• [Activity] Only the lines below from the one with "洪先生一直催促我快點拍,因為" through the one with "電源のオン/オフ。 長押しでタイマーが有効になり、2時間後に自動的に消灯します。 |" are to be written out, exactly and without any images.

• [Records for the exercise]

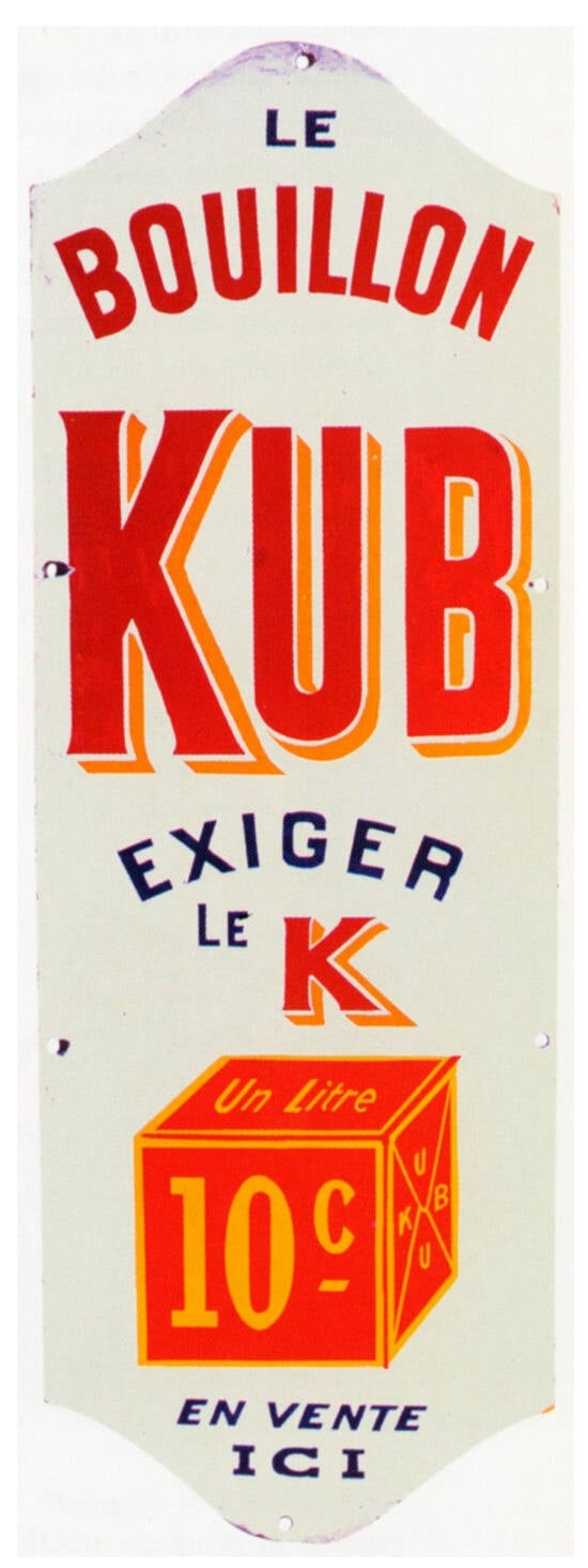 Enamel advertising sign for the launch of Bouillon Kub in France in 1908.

...

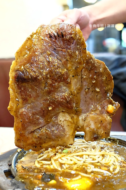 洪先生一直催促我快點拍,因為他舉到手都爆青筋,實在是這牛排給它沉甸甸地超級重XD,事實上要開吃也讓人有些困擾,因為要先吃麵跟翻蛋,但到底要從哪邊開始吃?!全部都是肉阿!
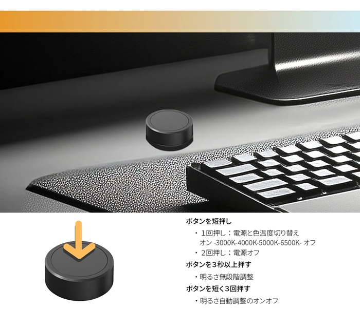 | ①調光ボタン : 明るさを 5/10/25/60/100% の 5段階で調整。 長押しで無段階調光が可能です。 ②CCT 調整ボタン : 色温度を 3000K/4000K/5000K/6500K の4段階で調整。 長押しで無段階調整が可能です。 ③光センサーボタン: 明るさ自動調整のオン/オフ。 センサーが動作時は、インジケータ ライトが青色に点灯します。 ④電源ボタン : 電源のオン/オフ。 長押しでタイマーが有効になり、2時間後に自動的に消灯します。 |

---

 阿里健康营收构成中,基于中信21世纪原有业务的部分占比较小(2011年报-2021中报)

• [Exercise result]
 洪先生一直催促我快點拍,因為他舉到手都爆青筋,實在是這牛排給它沉甸甸地超級重XD,事實上要開吃也讓人有些困擾,因為要先吃麵跟翻蛋,但到底要從哪邊開始吃?!全部都是肉阿!
 | ①調光ボタン : 明るさを 5/10/25/60/100% の 5段階で調整。 長押しで無段階調光が可能です。 ②CCT 調整ボタン : 色温度を 3000K/4000K/5000K/6500K の4段階で調整。 長押しで無段階調整が可能です。 ③光センサーボタン: 明るさ自動調整のオン/オフ。 センサーが動作時は、インジケータ ライトが青色に点灯します。 ④電源ボタン : 電源のオン/オフ。 長押しでタイマーが有効になり、2時間後に自動的に消灯します。 |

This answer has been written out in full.